Michele Tavola

Critico d'arte e specialista nell'ambito del Libro d'Artista, della grafica d'arte e dell'illustrazione libraria eseguita d'artisti.

Galleria San Fedele Milano

La spina dorsale di quella che potrebbe essere stata una bestia preistorica conquista sinuosa lo spazio, composta di grucce che si incastrano una nell’altra come tante vertebre.

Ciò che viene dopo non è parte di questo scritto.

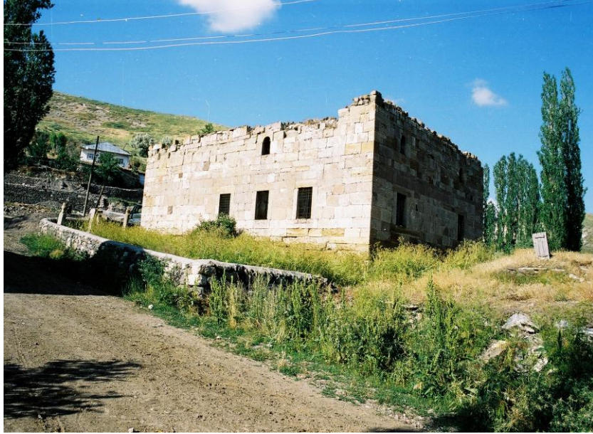
Foto.2- Şarkışla Hardal Köyü Camisi'nin Genel Görünüşü.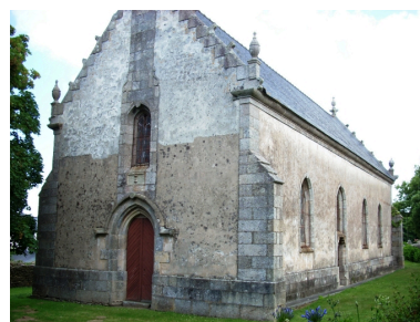
Guissény, chapelle Notre-Dame : vue générale sud-ouest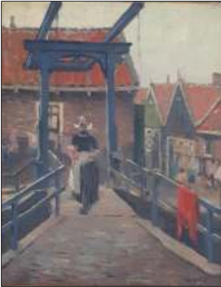
Afb. 3: A.P. Schotel, Volendams meisje.

Ook in Nederland ontstonden er diverse kunstenaarskolonies in (onder andere) Katwijk aan Zee, Domburg, Heeze, Laren, Blaricum en ook – vanaf 1875 – in Volendam. De kleurige traditionele klederdracht en levensstijl van het vissersdorp Volendam spraken erg tot de verbeelding van deze kunstenaars. Datzelfde gold voor de verweerde visserskoppes, de botters, de pittoreske huisjes en de gekleurde ophaalbruggetjes.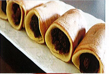
5月20日(水) あんこロール巻き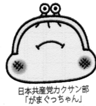
日本共産党の「チェンジ」がまぐつちゃん

アベノミクスで貧困と格差はますます拡大し、貯蓄ゼロが全世帯の35%に。所得の低い人に重い消費税は、延期でなく断念すべきです。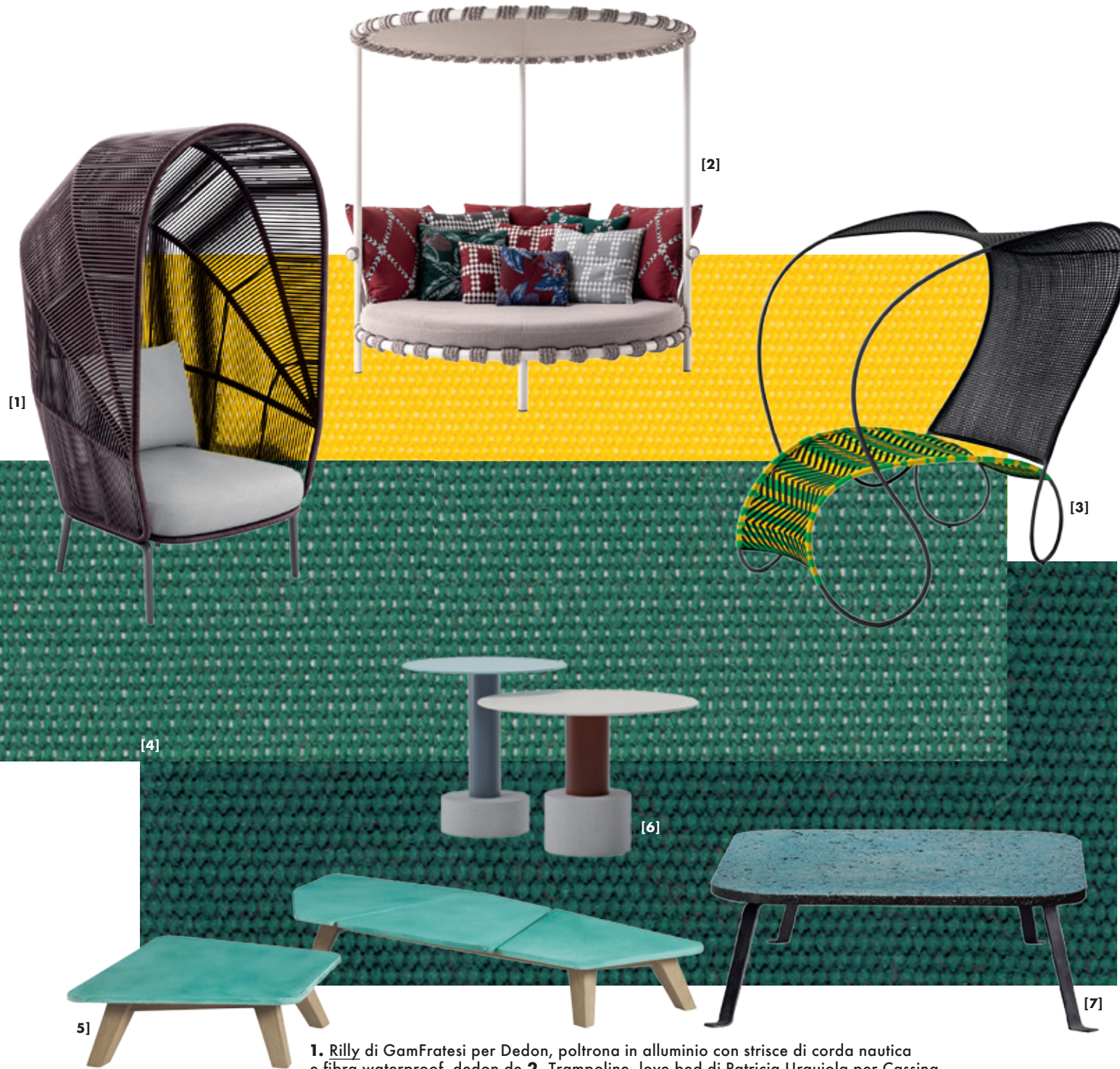
1. Rilly di GamFratesi per Dedon, poltrona in alluminio con strisce di corda nautica e fibra waterproof. dedon.de 2. Trampoline, love bed di Patricia Urquiola per Cassina, in acciaio verniciato, corda hand woven e tela idrorepellente. cassina.com 3. Modou di Ron Arad per la collezione M'Afrique di Moroso, in acciaio verniciato e fili in polietilene colorato intrecciati. moroso.it 4. Solids, tessuti outdoor di Tempotest Home by Parà, con finissaggio Teflon Extreme per resistere a intemperie e muffe. para.it 5. Rafael firmata Paola Navone per Ethimo, coffee table in teak con piani in pietra lavica a smalto smeraldo o marmo, in due misure. ethimo.com 6. Roll di Patricia Urquiola per Kettal, tavolini in cemento e alluminio con top smaltati, oppure in teak o marmo. kettal.com 7. Ischia design Paola Navone per Baxter, low table in metallo nero forgiato con top in pietra lavica smaltata turchese, anche naturale o in palladiana. baxter.it

GORDON GUILLAUMIER Firma per Roda la sedia da regista Orson, in massello di teak con dettagli in acciaio lucido. Il designer maltese, con studio a Milano, reinterpreta in chiave contemporanea la più classica delle sedute outdoor e le dona una nuova estetica, rivestendola anche sui lati in Batyline: lo stesso tessuto tecnico che forma seduta e schienale. rodaonline.com

Boutade? Invenzione concettuale? Trovata furba? Neoavanguardismo? Rivisitazione dell’Arte Povera?

Niente di tutto questo.

Afran ha mosso i primi passi, artisticamente parlando, nell’ambito della street art. Pittore dalla mano felice, ha dipinto muri in due continenti e ha respirato lo spirito di questo movimento diffuso su scala globale, di cui è rappresentante di tutto rispetto. Ha avuto la sua prima formazione presso l’Istituto d’Arte di Mbalmayo e ha studiato con alcuni tra i più grandi pittori camerunensi e congolesi, ma grazie all’esperienza di arte pubblica fatta sul campo fin da quando era giovanissimo sa raccontare il mondo, la realtà, la vita attraverso le immagini e gli oggetti del quotidiano. L’oggetto, nelle mani di Afran, per quanto possa venire semanticamente trasfigurato, come in questo caso, rimane un oggetto. E le sue forme non abbandonano mai il racconto della realtà.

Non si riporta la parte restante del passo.